Hi, I have a set of x,y data points and each data point lies between (0,0) and (1,1). Of this set I have selected all those that lie in the lower triangle (of the plot of these points). What I would like to do is to divide the region (0,0) to (1,1) into cells of say, side = 0.01 and then count the number of cells that contain a point. My first approach is to generate the coordinates of these cells and then loop over the point list to see whether a point lies in a cell or not. However this seems to be very inefficient esepcially since I will have 1000's of points.

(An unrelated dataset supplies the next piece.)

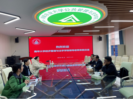 在湖南农业大学公共管理与法学学院六楼会议室,该院院长李燕凌、院党委书记林丽娅、副院长王薇、院办主任徐波参加座谈交流会。

Has anybody dealt with this type of problem and are there routines to handle it? ------------------------------------------------------------------- Rajarshi Guha <rxg218 at psu.edu> <http://jijo.cjb.net> GPG Fingerprint: 0CCA 8EE2 2EEB 25E2 AB04 06F7 1BB9 E634 9B87 56EE ------------------------------------------------------------------- Alone, adj.: In bad company. -- Ambrose Bierce, "The Devil's Dictionary"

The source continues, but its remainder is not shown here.